UVM Theses and Dissertations
Format:
Online
Author:
Fennelly, Evan Michael
Dept./Program:
Electrical and Biomedical Engineering
Year:
2020
Degree:
M.S.
Abstract:
The increased use of internet of things (IoT) devices will result in them being deployed in a wide variety of environments and therefore warrant antenna systems that can be adapted to improve link performance. Flexible communication technologies allow for increased throughput, reliability, and improved efficiency in wireless channels. This can be accomplished by implementing phased array antennas, among others. Phased arrays create a beam that can be steered electronically, but are expensive to implement given the many phase precise hardware components that need to be adjustable. A software defined radio approach to beamforming can reduce this complexity for each array adaptation, if made in software. This thesis leverages software defined radio (SDR) for the purpose of phase measurements and beamforming. A phase measurement system was created in GNU Radio to determine phase differences between SDRs. This algorithm was tested on a direction-finding system measuring the angle of arrival of a moving transmitter. In addition, transmit beamforming was implemented via SDR on a tripolar array and a four-element patch antenna array. Through simulation, the tripolar array has an 3 dB improvement in gain over a single monopole antenna in azimuth.

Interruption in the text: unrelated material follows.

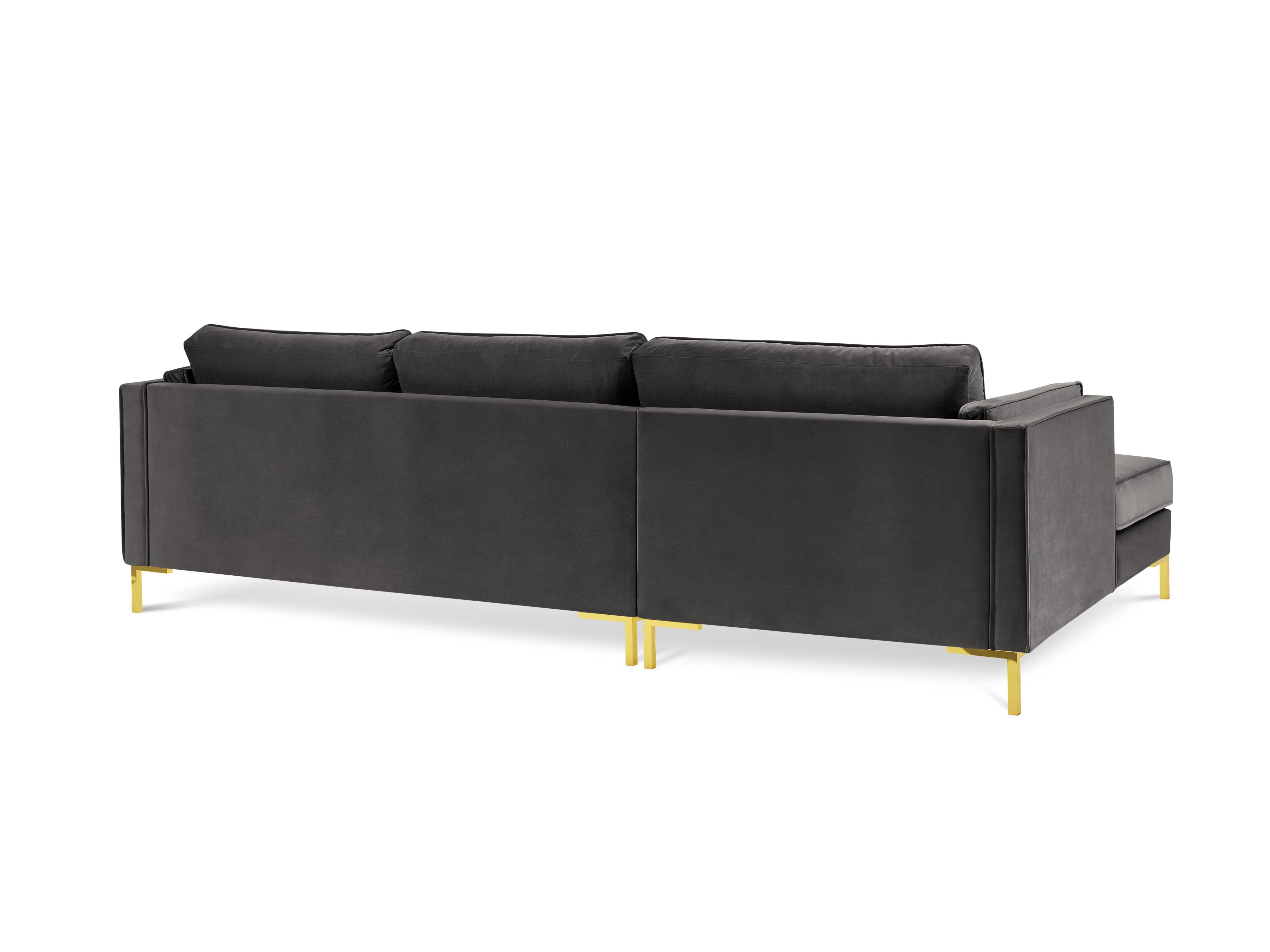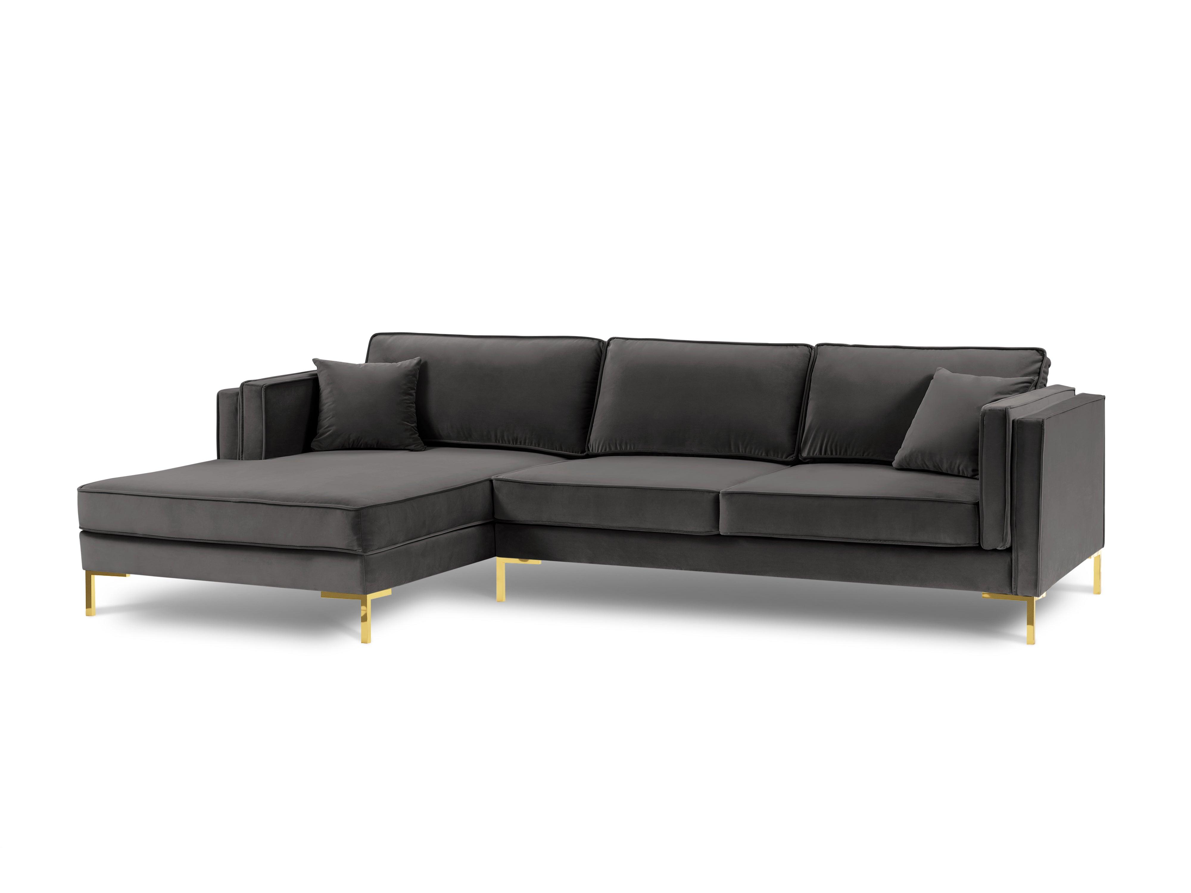 Fluwelen hoekbank LUIS linkszijdig donkergrijs met gouden basis

The measured antenna patterns did not match the simulation, but the reconfigurability of the SDR platform provided the ability to correct the nonidealities in the physical antenna. The azimuth test results show that beamsteering can be accomplished with a median power increase of 3 dB over the omnidirectional beamsteering case. The patch antenna array was tested by simulating a Butler matrix, a beamforming network typically implemented in hardware. The array pattern had a 3 dB beamwidth of 22° in simulation and 20° through testing, with a maximum steering error of 3° across the four Butler cases. The presented validation of the phase measurement and beamforming systems is promising for future work in the realm of beamforming via software defined radio.